Category Archives: Linux

A head-scratching TCP/IP problem

Here’s an interesting scenario I ran into.

You have a program that:

  • looks for an empty port in the high numbers
  • forks
  • in the child
    • it does some computation first (this could take some time)
    • it binds and listens to the port determined in the first step
    • starts processing requests of some sort (like HTTP requests, but any TCP would do)
  • in the parent
    • it has to wait for the child to start serving requests, so in a loop it will start communicating with the child. If it gets an ECONNREFUSED, wait some time (a tenth or a hundredth of a second) and try again
    • do a bunch of work here

This all looks reasonable so far. Except that, every now and then, (sometimes more frequently, sometimes very rarely) I was seeing the parent process stuck. A quick /usr/sbin/lsof was showing the most disturbing thing: a socket connected to itself!
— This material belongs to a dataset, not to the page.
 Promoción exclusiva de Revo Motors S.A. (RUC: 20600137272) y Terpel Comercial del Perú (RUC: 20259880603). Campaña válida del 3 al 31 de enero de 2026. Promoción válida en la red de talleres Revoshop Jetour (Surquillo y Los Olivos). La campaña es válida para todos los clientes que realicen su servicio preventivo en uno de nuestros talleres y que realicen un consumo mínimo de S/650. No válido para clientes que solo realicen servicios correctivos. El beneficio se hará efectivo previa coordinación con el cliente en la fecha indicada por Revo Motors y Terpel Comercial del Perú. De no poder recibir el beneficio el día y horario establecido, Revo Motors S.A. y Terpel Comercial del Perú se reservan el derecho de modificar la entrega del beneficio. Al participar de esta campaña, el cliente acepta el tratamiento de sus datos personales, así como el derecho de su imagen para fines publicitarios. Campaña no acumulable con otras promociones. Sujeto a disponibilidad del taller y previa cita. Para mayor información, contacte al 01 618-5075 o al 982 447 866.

27945 misa 10r IPv4 73626638 TCP localhost.localdomain:51308->localhost.localdomain:51308 (ESTABLISHED)

All you can do when you see this is scratch your head and wonder what in the world is going on.

After much running around and lots of tracing of the code, it finally occurred to me what happens.
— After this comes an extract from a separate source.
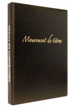 Contient les feuillets de mouvements de titres Classeur impression doré, relié et rechargeable : fiches actionnaire

For the explanation that follows, I will call it a local port the port number used by the socket locally (as returned by getsockname(2)).

Every time you have a socket and you try to connect(2) it (to a remote, known port), the socket library will pick an unused high-numbered port for its end of the connection (as the local port). If the attempt to connect(2) the socket fails and you try again, it will temporarily bind to another port (the’re usually consecutive, until they wrap around and start over).
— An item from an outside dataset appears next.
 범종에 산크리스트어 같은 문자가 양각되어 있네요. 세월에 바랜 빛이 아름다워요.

If you try long enough without succeeding (and it is key that the server and client are both on the same machine – I used localhost for both), connect(2) will pick the port you initially assigned to the server as the local port, and will connect to itself!

One possible solution is to pick an unused port and bind to it before connecting. Then connect(2) will no longer bind to random other ports.

ext2online is gone

I used to use ext2online in conjunction with LVM whenever I had to resize a partition that was already mounted. I haven’t had to do that in a while, so I was surprised that I couldn’t find ext2online anymore.

Turns out more modern versions of resize2fs already know how to do that. Not the ones from, but I was able to install into a temporary root and run the new resize2fs from there. Yay.

Adventures with SCons

I’ve been playing with SCons for the past couple of days. It’s intended to be a replacement for Make, and probably sounds similar enough with Ant or Maven, for those familiar with these tools from the Java world.

It’s pretty powerful in that it lets you use the boilerplate builders or you can build your own builders (and nodes!) too. It also allows you to write custom “freshness checks”. make usually verifies if a node is out of date by comparing the timestamps for the source and target nodes. This can get you in trouble when using CVS, for instance, because clocks are not synchronized. It’s also not very useful when what you build doesn’t live on the filesystem.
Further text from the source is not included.